EXERCISE BRIEF: Write each line out exactly, from the one containing "The Hansford collection" through the final line of the data, and keep pictures out of the copy.

DATA BLOCK:
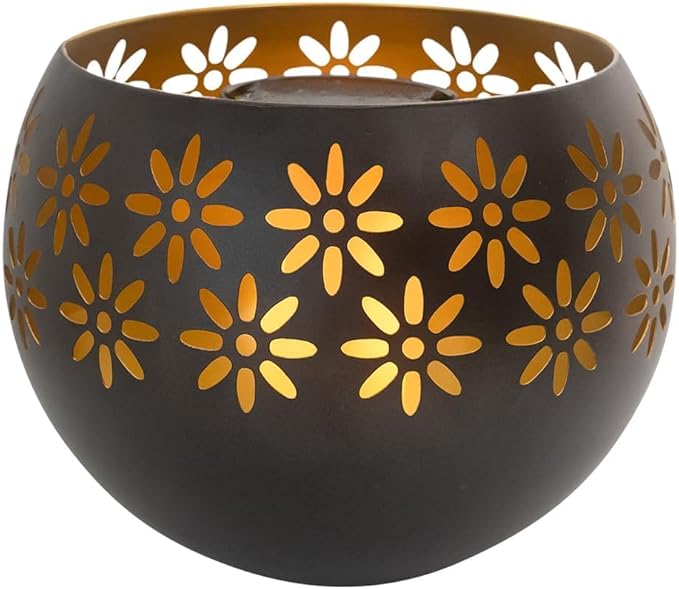 - 8” Metal Decorative Bowl - The Solar Fire Bowl features a stylish metal design, adding a touch of sophistication to your outdoor garden decor while serving as a functional solar table lamp, lantern and garden decor.
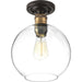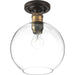 The Hansford collection of fixtures feature a clear, spherical shade paired with vintage style metal fittings in an antique bronze and brass combination finish. Featuring a clean and precise design with generous scale, Hansford's classic style brings tranquility to your home with. Hansford lends itself to Farmhouse, Coastal or Industrial interiors. Can be used with clear or vintage bulbs for a variety of looks. The one-light flush mount is ideal for bedrooms, bathrooms, hallways and closets.
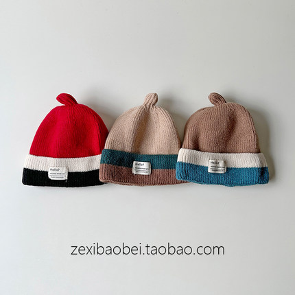 宝宝帽子秋冬款针织帽可爱奶嘴帽男女宝套头帽儿童毛线帽冬季保暖

RESPONSE TO THE EXERCISE:
 The Hansford collection of fixtures feature a clear, spherical shade paired with vintage style metal fittings in an antique bronze and brass combination finish. Featuring a clean and precise design with generous scale, Hansford's classic style brings tranquility to your home with. Hansford lends itself to Farmhouse, Coastal or Industrial interiors. Can be used with clear or vintage bulbs for a variety of looks. The one-light flush mount is ideal for bedrooms, bathrooms, hallways and closets.
 宝宝帽子秋冬款针织帽可爱奶嘴帽男女宝套头帽儿童毛线帽冬季保暖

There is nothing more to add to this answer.